Точно поменялись они местами.

Когда в фойе вошли, билетерши за спиной шушукались, головами покачивали – как их не понять: слепой в кино пришел. А погас свет, и Анатолий с Пряхиным будто глазами поменялись.

Алексей глядел на экран и ничего не видел. Что-то происходило там, что-то говорили и делали артисты, но, спроси его, ничего бы не вспомнил. Зато незрячий Анатолий улыбался во весь рот, шептал Алексею: «Теперь побежал! Теперь остановился! Сейчас песню запоет!» – и точно, артист пел все ту же, любимую Анатолия. Единственно, что доходило до Алексея, – это песня. Да и то не потому, что он слышал ее сейчас, а потому, что знал раньше.

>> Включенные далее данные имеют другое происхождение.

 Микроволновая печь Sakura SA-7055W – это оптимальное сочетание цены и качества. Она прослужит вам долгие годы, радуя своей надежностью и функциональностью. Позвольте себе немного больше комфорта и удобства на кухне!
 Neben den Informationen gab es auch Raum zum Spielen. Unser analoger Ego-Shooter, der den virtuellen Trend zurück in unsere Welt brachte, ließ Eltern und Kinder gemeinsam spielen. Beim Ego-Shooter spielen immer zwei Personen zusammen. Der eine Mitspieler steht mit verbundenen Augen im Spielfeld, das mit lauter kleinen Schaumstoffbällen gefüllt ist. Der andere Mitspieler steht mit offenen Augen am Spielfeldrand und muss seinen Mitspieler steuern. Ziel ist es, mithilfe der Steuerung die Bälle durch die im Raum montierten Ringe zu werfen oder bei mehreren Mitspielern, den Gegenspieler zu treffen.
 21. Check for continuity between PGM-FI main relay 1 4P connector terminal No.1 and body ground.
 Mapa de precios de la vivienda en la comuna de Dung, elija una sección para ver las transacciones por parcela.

Крутится-вертится, хочет упасть,Кавалер барышню хочет украсть!

Вот тебе и вертится-крутится! Докрутился шар голубой! Довертелась Зинаида!

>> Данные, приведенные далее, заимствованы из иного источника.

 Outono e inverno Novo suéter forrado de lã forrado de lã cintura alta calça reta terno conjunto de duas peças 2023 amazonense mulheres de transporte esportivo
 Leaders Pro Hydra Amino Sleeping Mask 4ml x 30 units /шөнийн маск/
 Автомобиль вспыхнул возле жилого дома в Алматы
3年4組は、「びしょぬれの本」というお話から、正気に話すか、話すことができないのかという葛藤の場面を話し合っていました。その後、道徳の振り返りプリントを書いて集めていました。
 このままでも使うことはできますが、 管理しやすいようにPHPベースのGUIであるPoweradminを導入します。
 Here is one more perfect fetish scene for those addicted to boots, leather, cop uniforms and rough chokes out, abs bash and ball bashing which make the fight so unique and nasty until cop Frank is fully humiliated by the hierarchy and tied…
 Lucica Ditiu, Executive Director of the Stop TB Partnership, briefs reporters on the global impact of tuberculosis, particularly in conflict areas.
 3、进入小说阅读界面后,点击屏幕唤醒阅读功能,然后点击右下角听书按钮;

Она не выходила из головы Алексея. Волнами, постепенно захлестывая его, наплывало новое чувство – ненависть.

Он ненавидел Зинаиду. С каждой минутой все больше. Явилась полнехонька! Ну ладно, ее жизнь – ее дело. Как она там и что у нее – его это не касается. Все для Зинаиды Пряхин сделал. Поехала в Москву как жена. Пропала? Пошла своей дорогой? Все – ладно, все – так. Но зачем же являться сюда? Зачем сердце чужое рвать? Зачем измываться? Живи своей жизнью, отстань, не трогай, подумай: можешь боль причинить.

Алексей почувствовал руку Анатолия. Тот взял Пряхина за запястье, шепнул:

– Счастливец!

Алексей словно проснулся. Вроде как оголенным проводом его задело и током тряхнуло. «Счастливец»? Да чем же он счастливец-то? Зинаидой, может, ха-ха! Горем своим – тем, в гололед?

Но Анатолий повторил:

– Счастливец! Все видишь!

Да разве же этого достаточно: видеть, дышать, жить, чтобы быть счастливым? Мало этого, очень мало! Здоровый, зрячий, сытый может быть последним бедолагой, разве это не ясно?

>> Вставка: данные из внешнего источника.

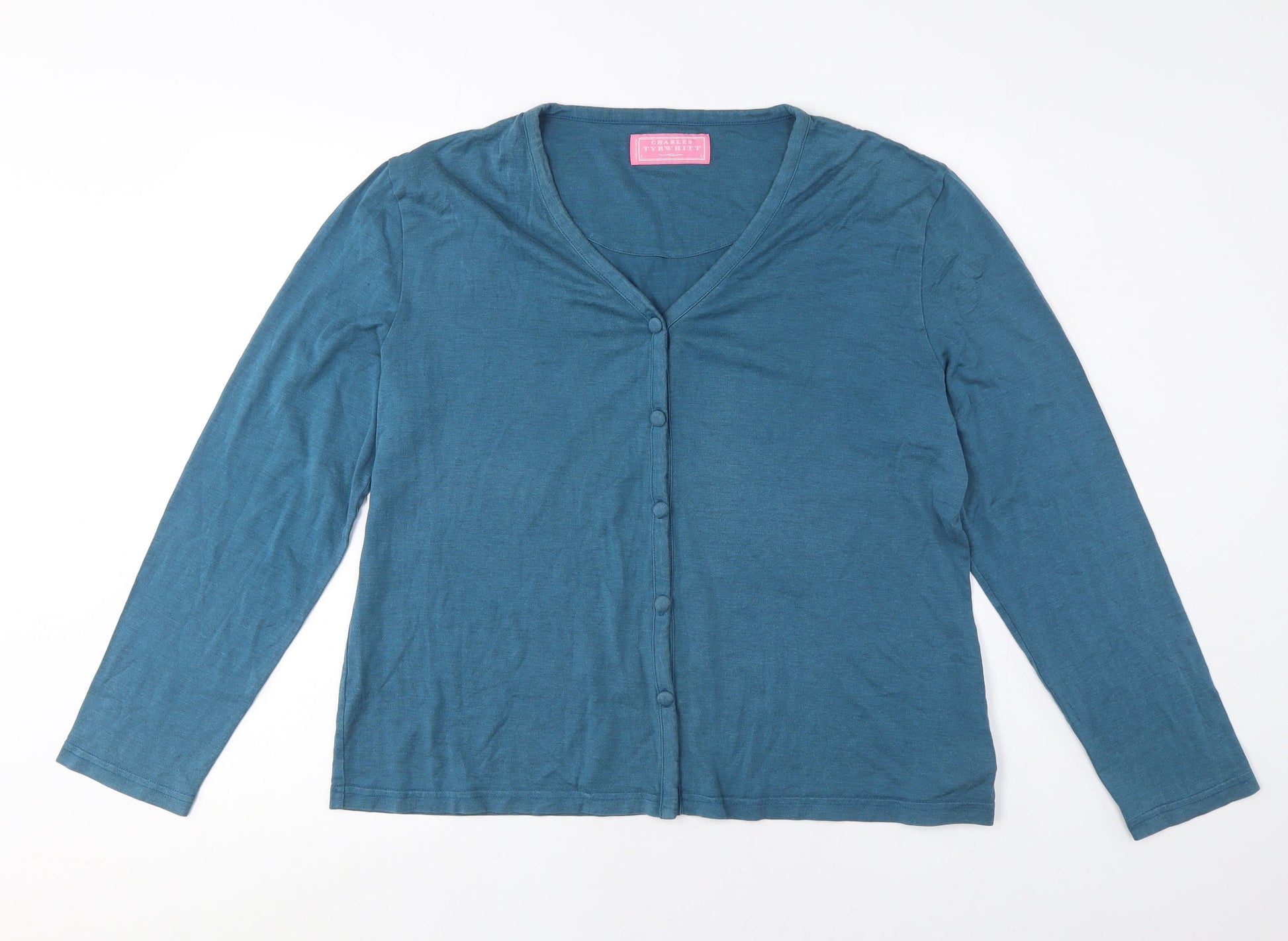 Charles Tyrwhitt Blue Silk Cotton V-Neck Blouse, L
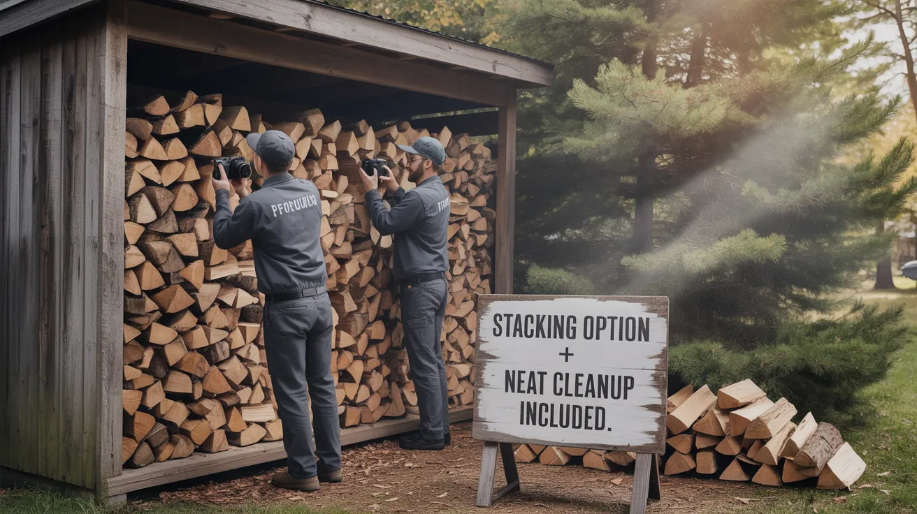 Expect options: fast curbside service, or skilled placement wherever you need it-a covered rack, garage, or woodshed. Workers place bark-down for air circulation, align lengths, and maintain aisles for simple accessibility. They'll set down pallets or runners as required and won't ever block pathways or utility access.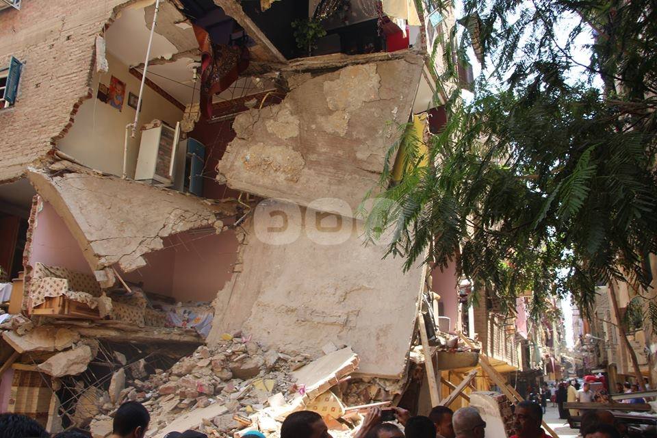 بالصور.. إصابات وضحايا في حادث إنهيار عقار بالدرب الأحمر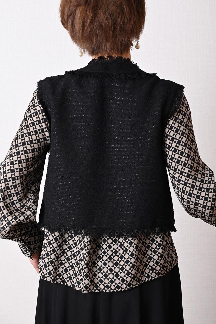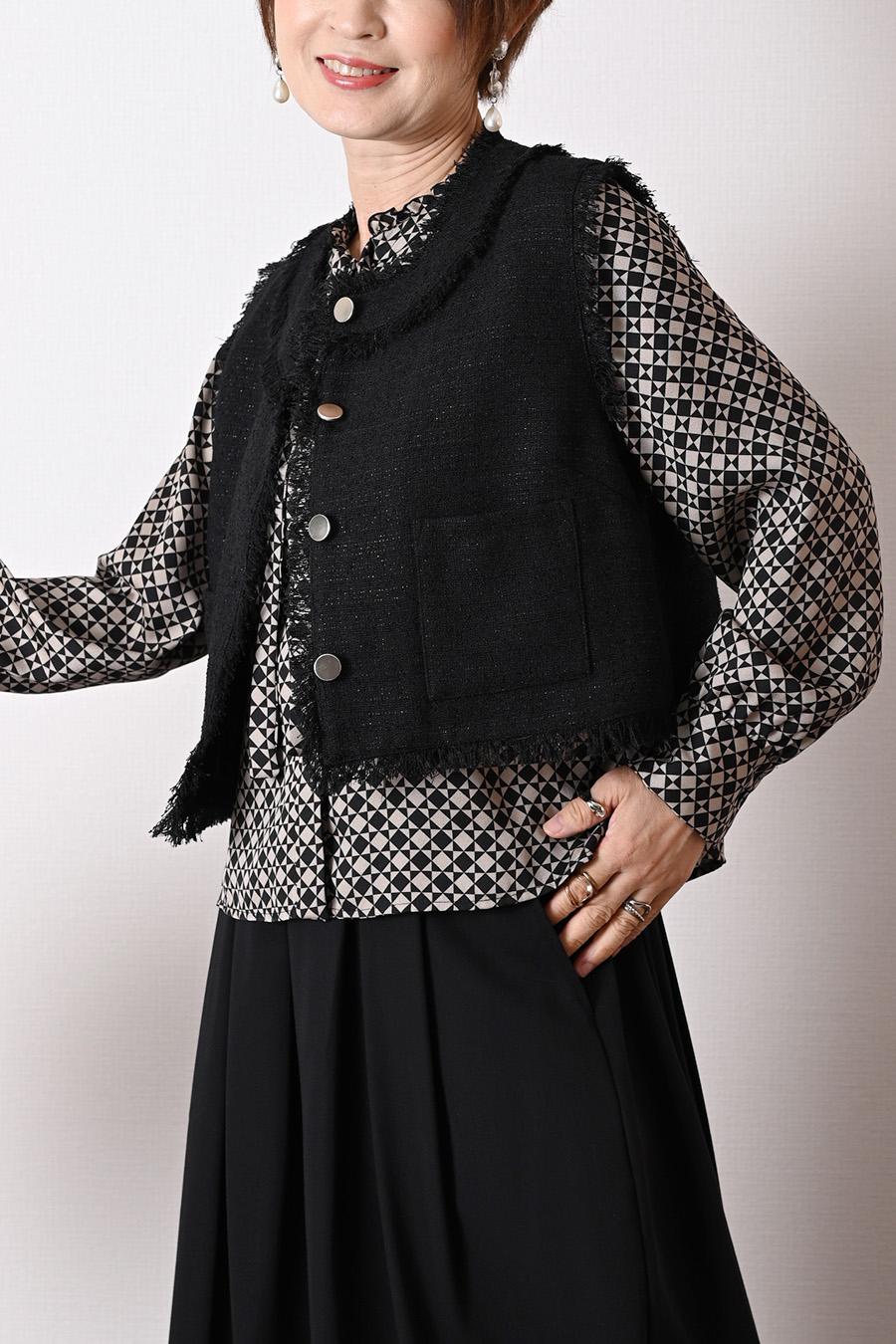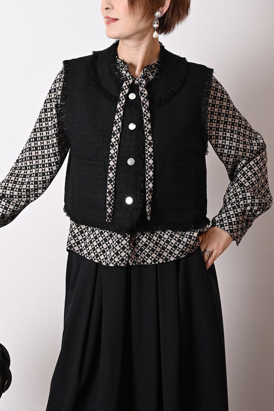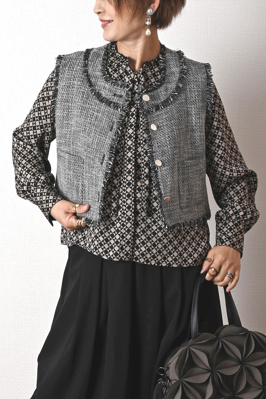 フリンジツィード ショートベスト+超美ドレープ 微起毛ワイドガウチョパンツ2点セットコーデ

Когда вышли из кинотеатра, капитан посоветовал:

– Только лошадей не гони!

Про что он?

– Решать будешь, лошадей не гони! Сплеча не руби!

Вон как. И впрямь ведь слепой, а все видит. А лошадей – лошадей гнал не он. Не он и виноватый.

Вечером тетя Груня подступиться к Алексею взялась:

– Смягчись, соколик, смилуйся!

– Да о чем ты говоришь, святая? Зачем и правое и неправое рядом умащиваешь?

Тетя Груня расстроилась:

– Даже в старое время говаривали: не вели казнить, дай слово молвить.

– Какое еще слово? – рассвирепел Пряхин.

Тетя Груня его рассматривала внимательно так – голову поворачивала то в одну сторону, то в другую. Словно картинку. И картинка та отливает на свету, блестит. Уперлась рукой в подбородок.

– А такое, – сказала, – с поезда ее сняли перед Москвой, далее не пустили, потому как тебя, мужа то есть, не оказалось, и застряла она, бедная, на какой-то станции. Спасибо, люди добрые и там нашлись, пригрели, уголок нашли, на работу устроили, пока вот не радость эта.

– Какая радость? – задохнулся Алексей. – Беда!

Тетя Груня его перекрестила издалека, как тогда, на вокзале, когда уезжали Пряхин и Зинаида в Москву.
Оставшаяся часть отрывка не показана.